Start slowly and build up. My desk is electric so I can raise and lower it when I want. At first, I just stood for the first hour of the morning and then another hour at the start of the afternoon. Then made sure that "hour" got longer and longer as the days and weeks passed.
What also helps is moving around rather than being stood still for hours. I'd previously been "saving" trips to other areas of the office, i.e. the filing room, copier, printer, loo, kitchen, etc., and heaving myself of my chair once every couple of hours to do loads of things before sitting down again. So very long periods of just sitting.
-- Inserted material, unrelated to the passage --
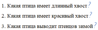 1. Какая птица имеет длинный хвост? (вопросительное предложение) 2. Какая птица имеет красивый хвост? (вопросительное предложение) 3. Какая птица выводит птенцов зимой? (вопросительное предложение)
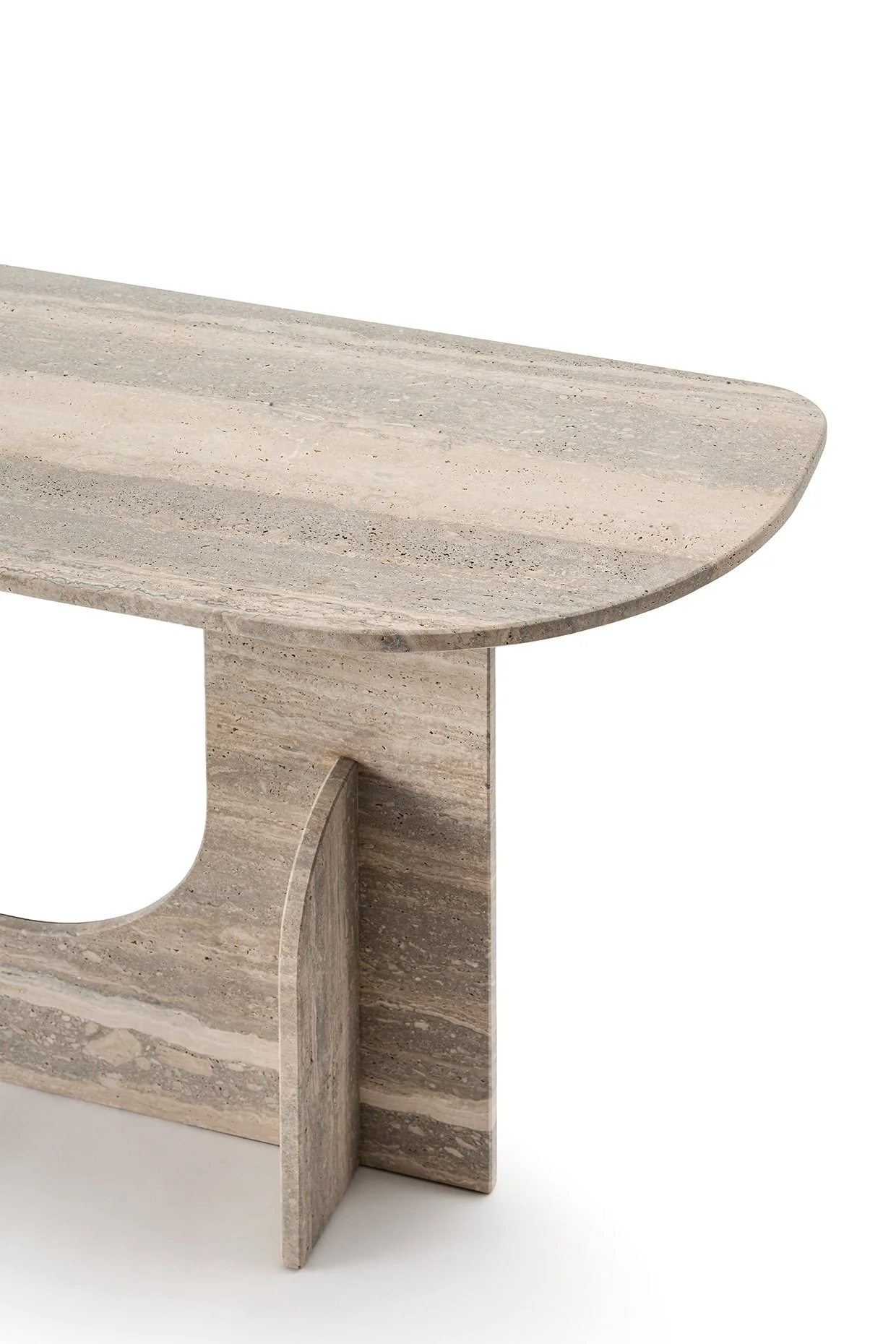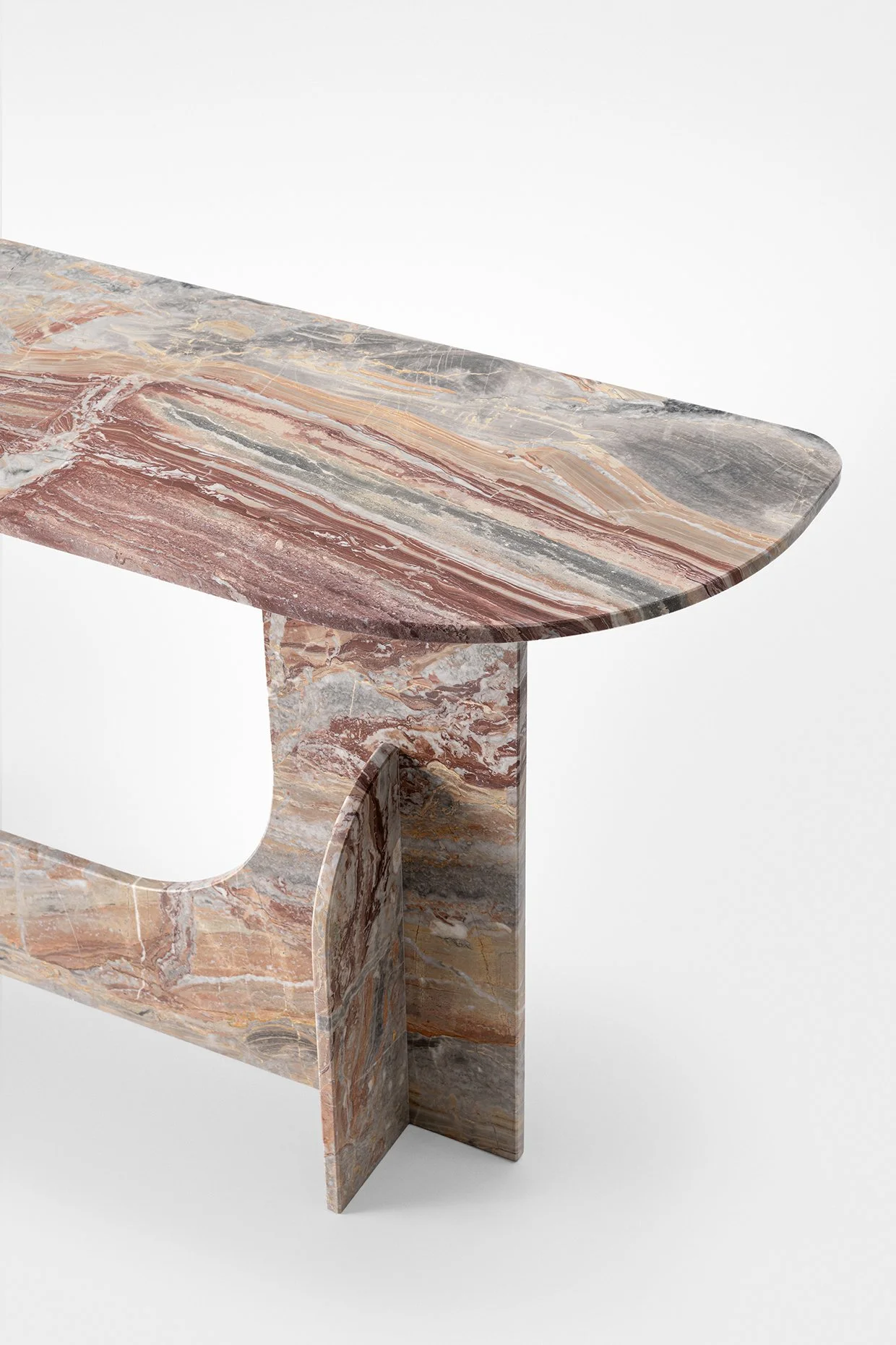 Console in stone with "Fango" lacquered metal parts. Wall positioning recommended.

When I was standing, as I was already "up", I'd just trot over to the copier, printer, filing room, etc., many times per hour, which made me more active in addition to standing rather than sitting.
My step counter previously showed just a few hundred steps per day walking occasionally around the office, but once I was standing for a couple of hours in the morning and a couple of hours in the afternoon, my steps increased to a few thousand per day, without me even realising it.
Being more active throughout the day, on top of standing when working at the computer, certainly helped with hip pain. Nothing worse than standing still for a long term, but that's really not the whole point of the standing desk - yes, it improves your body "stationary" position, gets the blood pumping more, and builds muscle in the backs and legs, but more important than that is the way you're more likely to move around more in your workplace simply because you're already on your feet, so going to the copier isn't a big effort anymore and instead of returning/collecting several files at once, you go multiple times to put one back and take the next out.